■ **TASK**: Omit all pictures. Quote the lines from the one with "キッチンはカウンタータイプ。" through the end of the listing below, exactly as they appear.

INFORMATION SUPPLIED: Begin

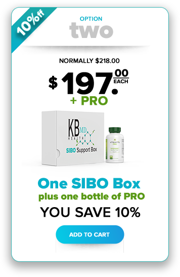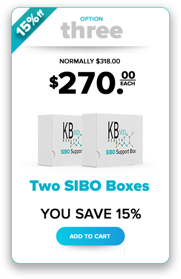This KBMD Health SIBO Support Box is the result of years of Research & Development in a complex field.  Here is a brief explanation of What the ingredients are, and How they work to relieve your SIBO symptoms.  Each Box contains 4 primary ingredients pre-portioned in easy-to-use AM and PM packets.
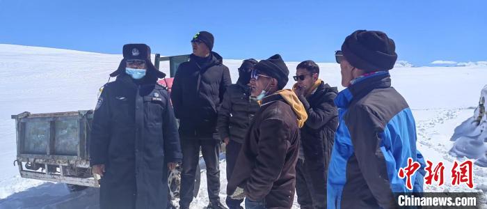 去年10月份,一場(chǎng)突如其來的大雪困住了牧場(chǎng)上的2000多只羊。為了牧場(chǎng)轉(zhuǎn)場(chǎng)順利,這群移民警察聯(lián)合當(dāng)?shù)卣ぷ魅藛T還有老百姓深入到牧場(chǎng)腹地。洛桑曲扎說:“白天進(jìn)去,到了第二天才出來。當(dāng)時(shí)邊鏟雪邊往里走,放牧點(diǎn)的積雪深到膝蓋。把羊群轉(zhuǎn)出去后,我們的車陷在了里面,大家穿著大衣在車上僅吃了泡面挺過了一晚上?!?除了這些,他記憶里,還有數(shù)不清的救援。
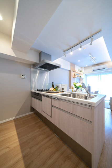 キッチンはカウンタータイプ。開放的で、お料理中でもリビングダイニングとコミュニケーションをとりやすいのが特徴です。調理台はナチュラルな木目パネルでお部屋との統一感もバッチリ。食器洗浄乾燥機や浄水器一体型水栓などの便利機能ももれなく付いています。
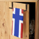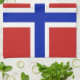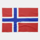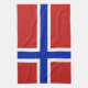 The flag of Norway is a red with an indigo blue Scandinavian cross fimbriated in white that extends to the edges of the flag; the vertical part of the cross is shifted to the hoist side in the style of the Dannebrog, the flag of Denmark.

INFORMATION SUPPLIED: End

■ **RESULT FOR THIS TASK**:
 キッチンはカウンタータイプ。開放的で、お料理中でもリビングダイニングとコミュニケーションをとりやすいのが特徴です。調理台はナチュラルな木目パネルでお部屋との統一感もバッチリ。食器洗浄乾燥機や浄水器一体型水栓などの便利機能ももれなく付いています。
 The flag of Norway is a red with an indigo blue Scandinavian cross fimbriated in white that extends to the edges of the flag; the vertical part of the cross is shifted to the hoist side in the style of the Dannebrog, the flag of Denmark.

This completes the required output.